ColumnsFaith FormationRespect Life/Social Justice

Reflecting on Catholic teaching about the value of work

 

By Mark Schmidt

Special to The Witness

Pope Francis said to a crowd in 2015: “In speaking about a serious, honest person, the most beautiful thing that can be said is: ‘he or she is a worker’…Work — I repeat, in its many forms — is proper to the human person. It expresses the dignity of being created in the image of God. Thus, it is said that work is sacred.” The words from Pope Francis offer us an invitation to talk about work, the worker, and the wage they earn on this Labor Day weekend.

The topic of wages in particular is a perennial issue in policy discussions at local and national levels, and especially between workers and employers. Rather than specifying an exact dollar amount here, let’s review what principles should go into determining what every worker should be guaranteed for a wage, regardless of the job they do, according to our faith.

As stated earlier by Pope Francis, all work is sacred. Whether you are a janitor or doctor, according to our faith, both activities are equal in dignity and both are sacred occupations. This is because work is dignified, not by the specific task itself, but by the fact that it is done by human persons utilizing the gifts from God as stewards of his creation. The Second Vatican Council explains this relationship between human persons and work in this way: “Indeed, we hold that through labor offered to God man is associated with the redemptive work of Jesus Christ, who conferred an eminent dignity on labor when at Nazareth he worked with his own hands. From this there follows for every man the duty of working faithfully and also the right to work.” (Gaudium et Spes, 67) Just as we have a right to food, water, clothing, healthcare, education, we also have a right to work because work connects us to our Creator and Savior.

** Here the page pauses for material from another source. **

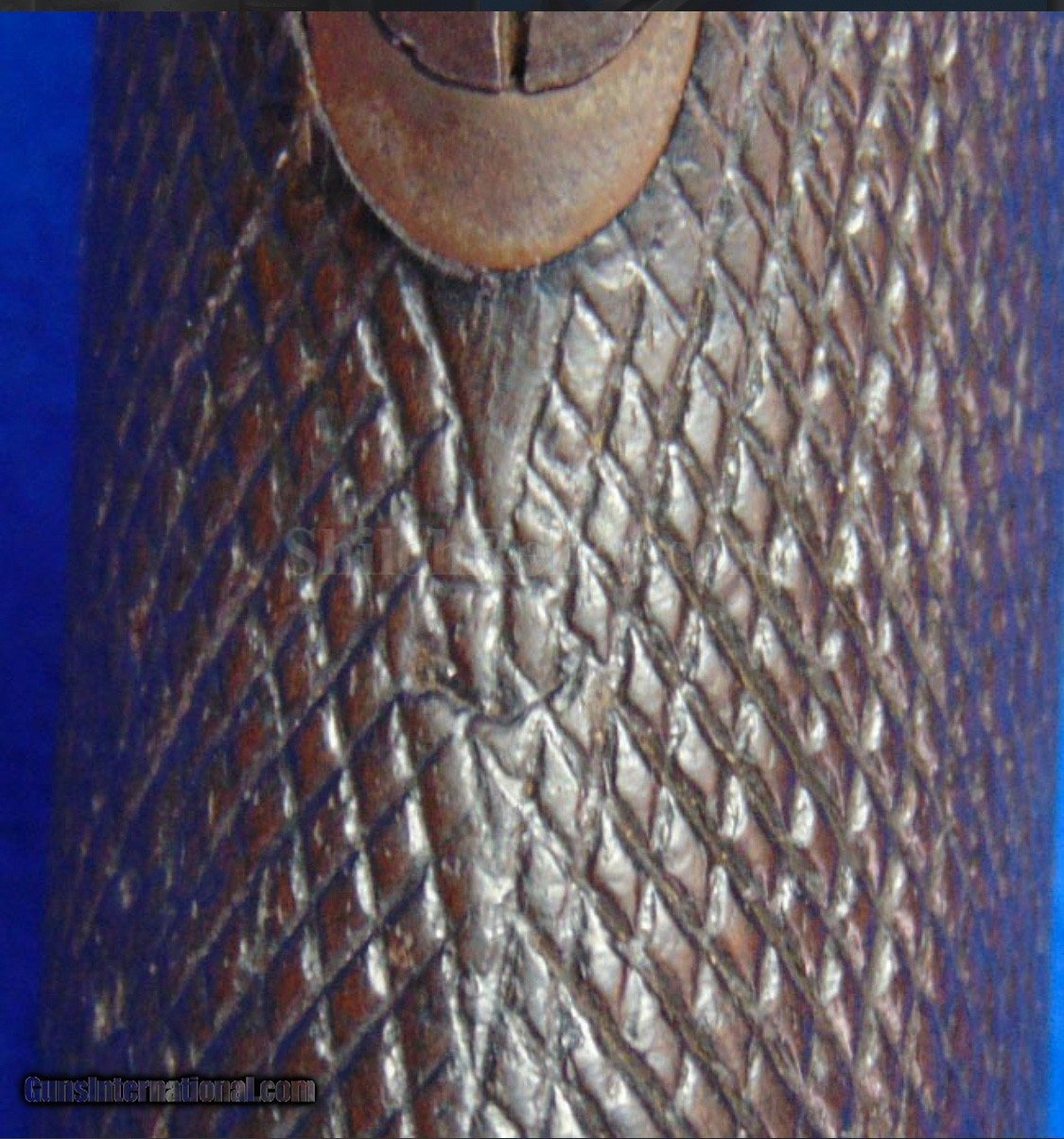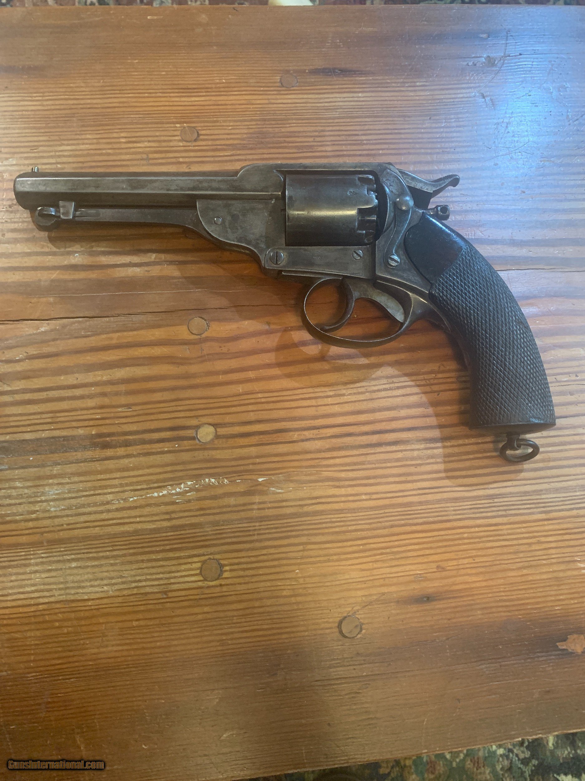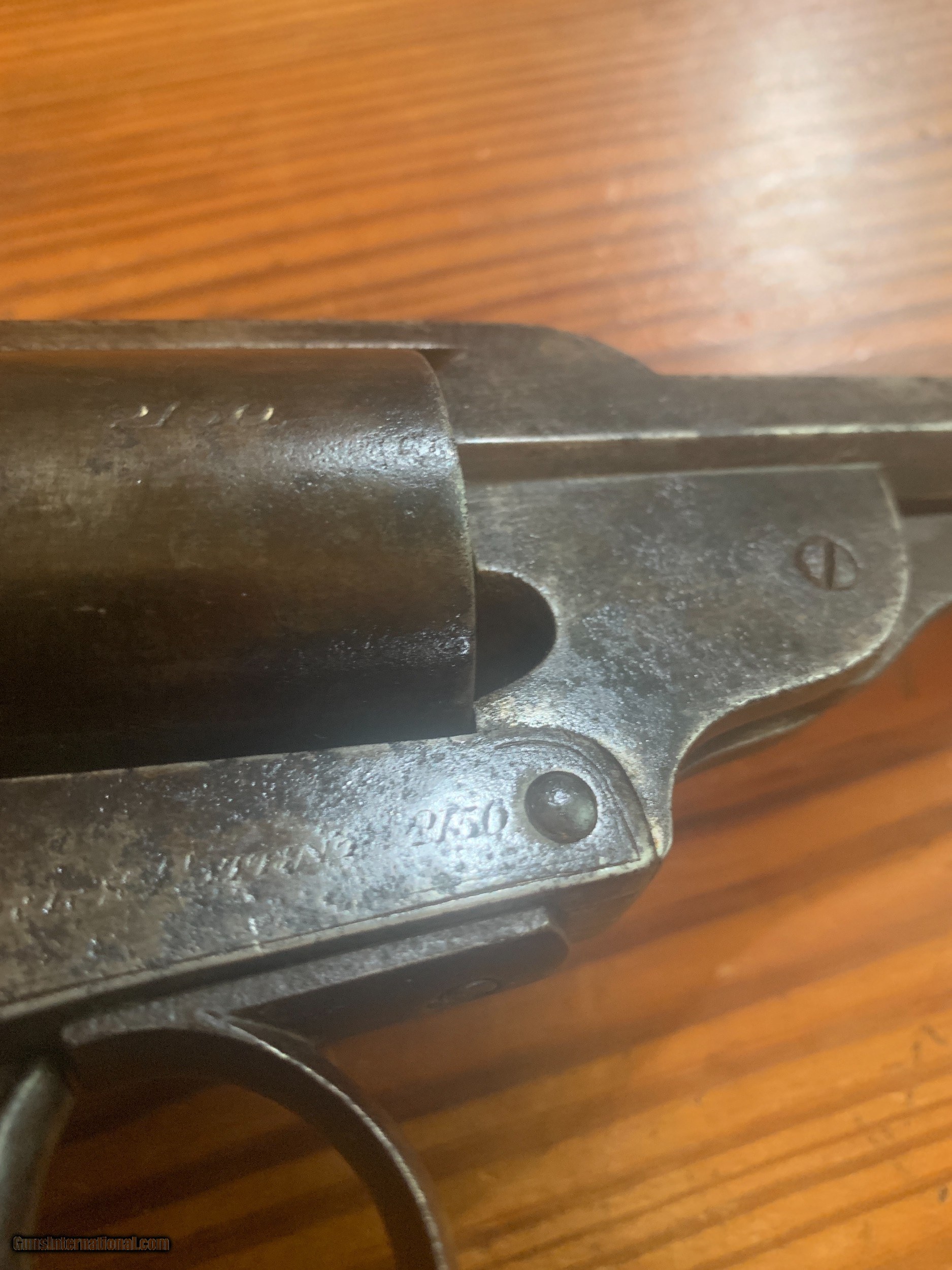 Description: Excellent for a Confederate used revovler. Serial number 2150 indicating an early shipped revolver. Probably early '62. Nice smooth plum patina. Gun locks when trigger pulled back. Remember, this was a sinlge action gun. London Armoury lock on grip. LAC and proofs on barrell. All original parts and nice chekered grips. The JS Anchor is stamped in the checkering at base of trigger guard as you want. Lanyard ring is still present and accounted for. Patina is smooth with very minor pitting on frame at serial number. Mentioned for accuracy and does not detract from gun. Used but not abused Confederate revolver without having to rob the bank. SOLD Antique: Yes |

Unfortunately, the conversation too often looks at work solely from the utility of the work done or how much profit the work can raise rather than taking into consideration the primary reason for work – the person doing it. And so we see social media memes or cable news celebrities denigrating certain workers by calling them “burger flippers” and going to great lengths to argue why they don’t deserve a living wage because their work is “less than” the work of others. As Catholics, we reject such arguments because all work is sacred as are the lives of the people doing the work.

With the right to work come other rights that flow from it. When those rights are violated poverty results: “(the poor) appear as a result of the violation of the dignity of human work: either because the opportunities for human work are limited as a result of the scourge of unemployment, or because a low value is put on work and the rights that flow from it, especially the right to a just wage and to the personal security of the worker and his or her family.” (Laborem Exercens, 8)

As Catholics we are called to focus on the dignity of the persons doing the work, the people they support with their wages, and the common good of society. When it comes to minimum wages the church tells us “remuneration for labor is to be such that man may be furnished the means to cultivate worthily his own material, social, cultural, and spiritual life and that of his dependents.” (Gaudium et Spes, 67) And “an element that must be appreciated and safeguarded is that of a family wage, a wage sufficient to maintain a family and allow it to live decently. Such a wage must also allow for savings that will permit the acquisition of property as a guarantee of freedom.” (Compendium on Social Doctrine, 250)

The requirements to uphold the Catholic faith in wages then guides us to see that all wages, regardless of the specific job being done must provide for the basic necessities of life: clothing, shelter, food, healthcare as well as providing for the social, cultural and spiritual life of the family. It must be sufficient to be able to save and acquire property. It must also allow workers to “enjoy sufficient rest and leisure to cultivate their familial, cultural, social and religious life.” (Gaudium et spes, 67)

Wages must also be sufficient that a family can live off of one income. Pope Pius the XI declared it “an intolerable abuse, and to be abolished at all cost” that both parents should be forced to work because the wages of one parent is not enough to support the family. (Quadragesimo Anno, 71)

The ability to accomplish these principles requires a great effort on the part of all workers, employers, citizens, and the appropriate government authority. Different things must be taken into consideration: Cost of living for a particular area (housing, food, healthcare, clothing), transportation, cost of school, projected cost of retirement, enough left over to acquire a house/property and spend for leisure as well as “the productivity of each, the state of the business and the common good.” (Catholic Catechism, 2434) This means that the minimum wage is to be enough for a life of human flourishing but ought not be excessive for the sole purpose of satisfying a materialistic desire for things.

Affording all of these things may not solely come in the form of a paycheck and may include sufficient social programs; “various forms of important social provisions help to bring it about, for example, family subsidies and other contributions for dependent family members, and also remuneration for the domestic work done in the home by one of the parents.” (Compendium, 250) The responsibility of citizens, the society as a whole, employers and workers is to work with charity and justice toward one another in order to assure these principles for all families are met because the worker, the work, and the family work supports, is sacred.

 Schmidt is Respect Life/Social Justice director for the archdiocese.